WORK TASK ->
Please transcribe the data that follows exactly as given, leaving out every picture.

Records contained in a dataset
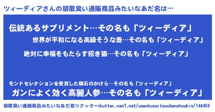 | 意味不明あだ名 | 『永久保存ツィーディア』 |
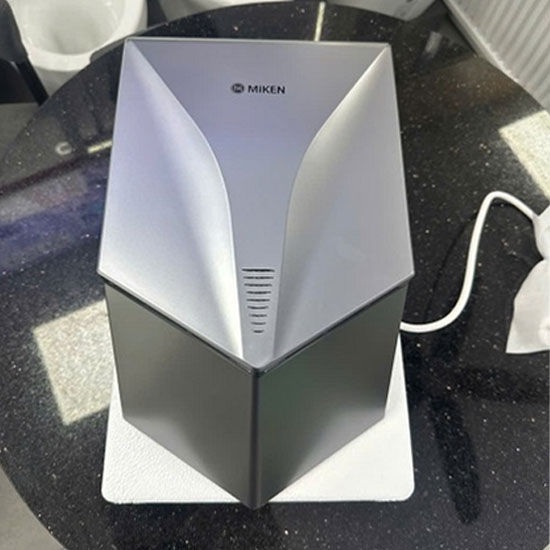 Máy sấy tay Miken là sản phẩm máy sấy tay tự động cảm ứng thông minh. Hoạt động trên nguyên tắc cảm biến hồng ngoại. Máy làm khô tay nhanh chóng bằng luồng gió với tốc độ cao kết hợp nhiệt sấy. Để loại bỏ nước trên bề mặt da một cách nhanh chóng giúp giữ gìn vệ sinh ngay sau khi rửa tay.
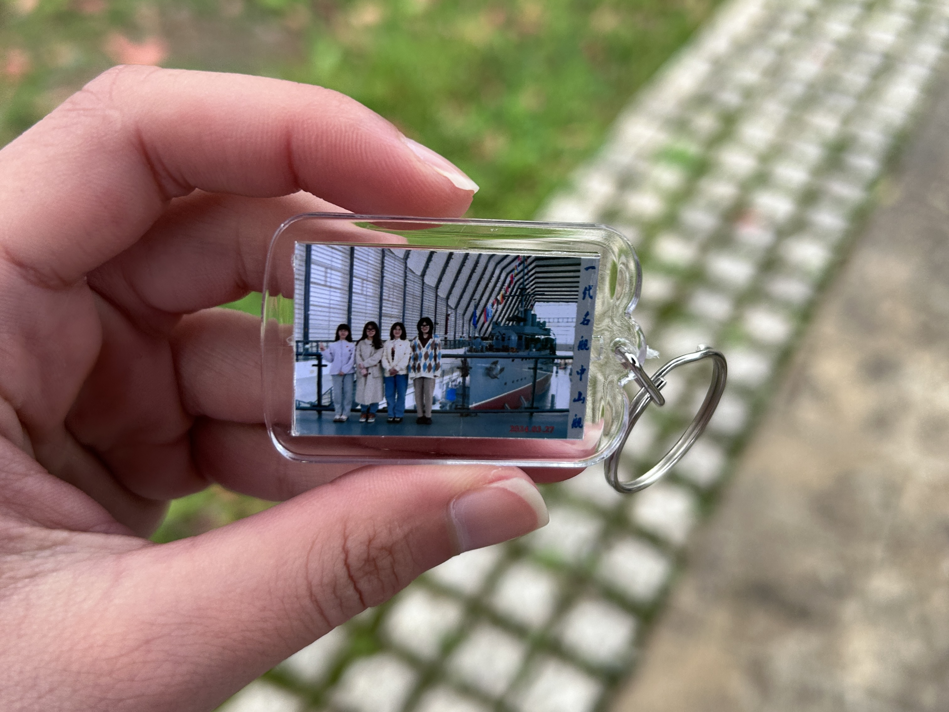 指尖在鍵盤(pán)上敲得發(fā)僵,揉著酸脹的太陽(yáng)穴時(shí),桌角亮起的手機(jī)吸引了目光——屏幕里,好友雙鳳發(fā)來(lái)一張照片,配文道:“小妍,你看去年在中山艦博物館拍的鑰匙扣!”。照片中的金屬鑰匙扣上,好友們與中山艦的合影清晰可見(jiàn),艦身殘留的彈痕格外醒目,背面 “振興中華” 四個(gè)字雖小,卻如一束光,瞬間將思緒拉回2024年那場(chǎng)特殊的主題黨日活動(dòng)。這小小的物件,早已超越普通紀(jì)念品范疇,成為百年艦魂的貼身載體,更藏著中山艦博物館打破時(shí)空、貼近大眾的文化傳承密碼。
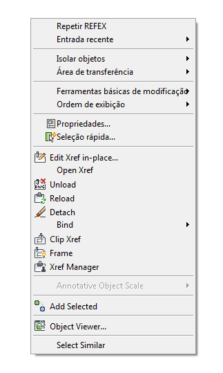 - Selecione e clique com o botão direito nos lotes refex e observe os comandos refex que estão disponíveis.
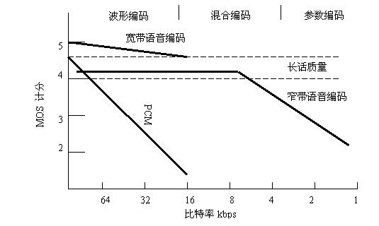 長話質量編碼器在比特率高于8Kbps時容易實現(xiàn),如圖4-2所示。長話質量的語音平均意見得分(MOS)必須在分或許分以上。傳統(tǒng)的PCN語音在比特率小于32
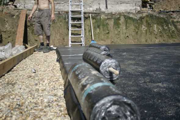 Затем на гравийную подушку уложили стеклогидроизол. Это необходимо, чтобы отделить щебень от бетона «пятки».
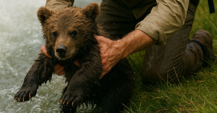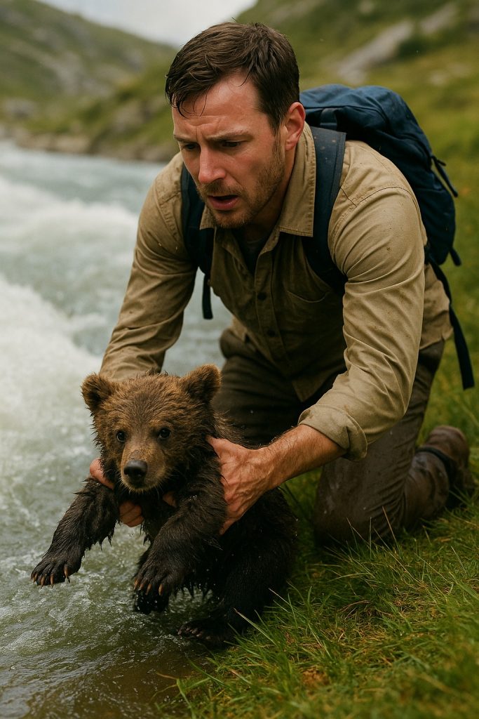 Třetí den výletu jsem došel k řece. Voda tekla rychle, byla ledová a její šumění naplňovalo celé okolí. Usadil jsem se na kameni, vytáhl termosku s kávou a díval se na hladinu. A najednou jsem v proudu zahlédl něco tmavého. Nejprve jsem si myslel, že je to kláda. Ale za vteřinu mi srdce spadlo do kalhot: bylo to malé medvídě.
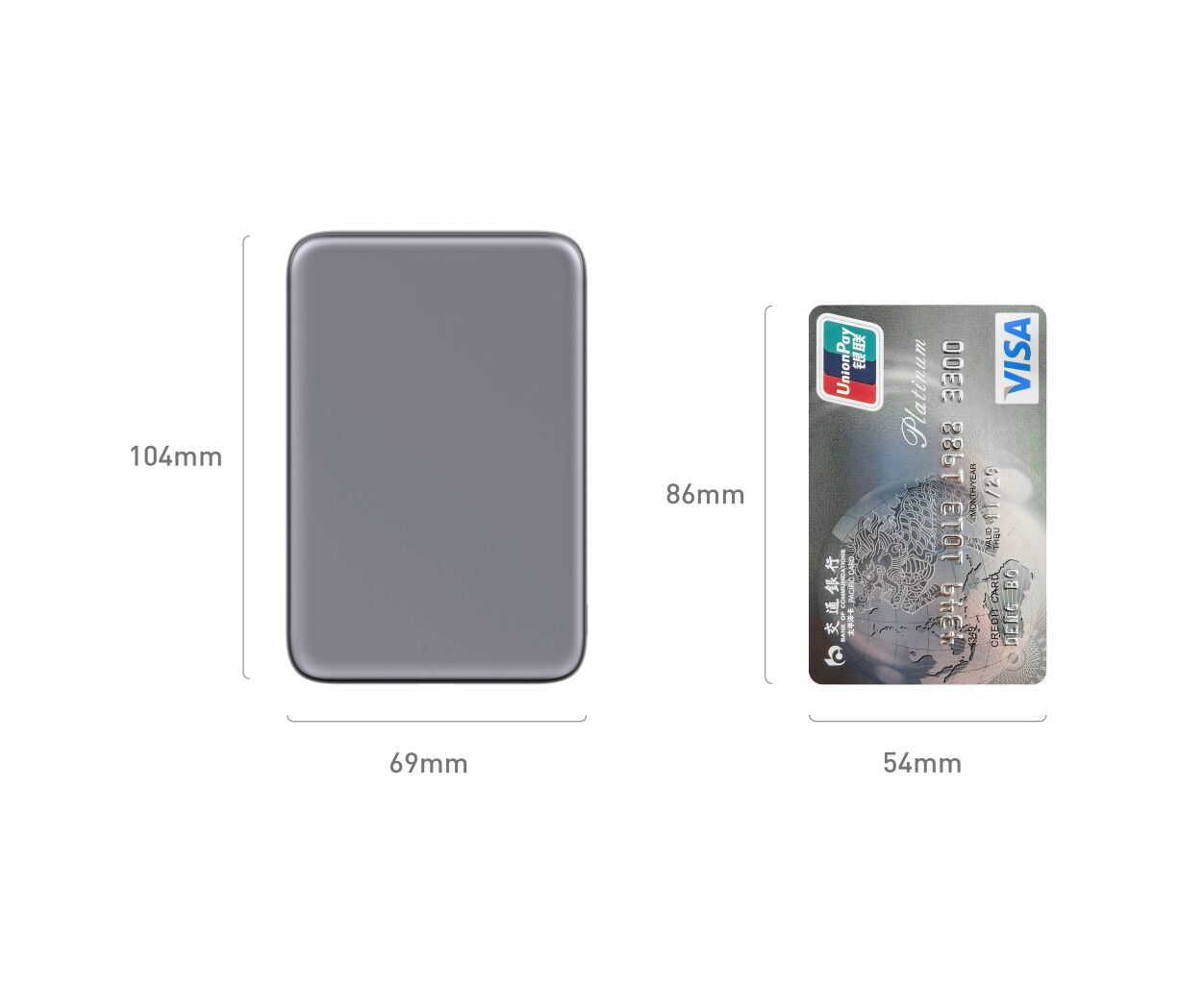 Ємність - 5000 mAh, електрохімічна система - Li-pol, Джерело заряду батареї - USB, інтерфейси підключення (вихід) - USB Type-C, Wireless Charger, вихідний струм - 3 A, 2 A, 2.22 A, 1.67 A, розмір - 104 х 69 х 9.6 мм, матеріал корпусу - вогнетривкий пластик, вага - 115 г, Колір - чорний

OUTPUT OF THE EXERCISE ->
 | 意味不明あだ名 | 『永久保存ツィーディア』 |
 Máy sấy tay Miken là sản phẩm máy sấy tay tự động cảm ứng thông minh. Hoạt động trên nguyên tắc cảm biến hồng ngoại. Máy làm khô tay nhanh chóng bằng luồng gió với tốc độ cao kết hợp nhiệt sấy. Để loại bỏ nước trên bề mặt da một cách nhanh chóng giúp giữ gìn vệ sinh ngay sau khi rửa tay.
 指尖在鍵盤(pán)上敲得發(fā)僵,揉著酸脹的太陽(yáng)穴時(shí),桌角亮起的手機(jī)吸引了目光——屏幕里,好友雙鳳發(fā)來(lái)一張照片,配文道:“小妍,你看去年在中山艦博物館拍的鑰匙扣!”。照片中的金屬鑰匙扣上,好友們與中山艦的合影清晰可見(jiàn),艦身殘留的彈痕格外醒目,背面 “振興中華” 四個(gè)字雖小,卻如一束光,瞬間將思緒拉回2024年那場(chǎng)特殊的主題黨日活動(dòng)。這小小的物件,早已超越普通紀(jì)念品范疇,成為百年艦魂的貼身載體,更藏著中山艦博物館打破時(shí)空、貼近大眾的文化傳承密碼。
 - Selecione e clique com o botão direito nos lotes refex e observe os comandos refex que estão disponíveis.
 長話質量編碼器在比特率高于8Kbps時容易實現(xiàn),如圖4-2所示。長話質量的語音平均意見得分(MOS)必須在分或許分以上。傳統(tǒng)的PCN語音在比特率小于32
 Затем на гравийную подушку уложили стеклогидроизол. Это необходимо, чтобы отделить щебень от бетона «пятки».
 Třetí den výletu jsem došel k řece. Voda tekla rychle, byla ledová a její šumění naplňovalo celé okolí. Usadil jsem se na kameni, vytáhl termosku s kávou a díval se na hladinu. A najednou jsem v proudu zahlédl něco tmavého. Nejprve jsem si myslel, že je to kláda. Ale za vteřinu mi srdce spadlo do kalhot: bylo to malé medvídě.
 Ємність - 5000 mAh, електрохімічна система - Li-pol, Джерело заряду батареї - USB, інтерфейси підключення (вихід) - USB Type-C, Wireless Charger, вихідний струм - 3 A, 2 A, 2.22 A, 1.67 A, розмір - 104 х 69 х 9.6 мм, матеріал корпусу - вогнетривкий пластик, вага - 115 г, Колір - чорний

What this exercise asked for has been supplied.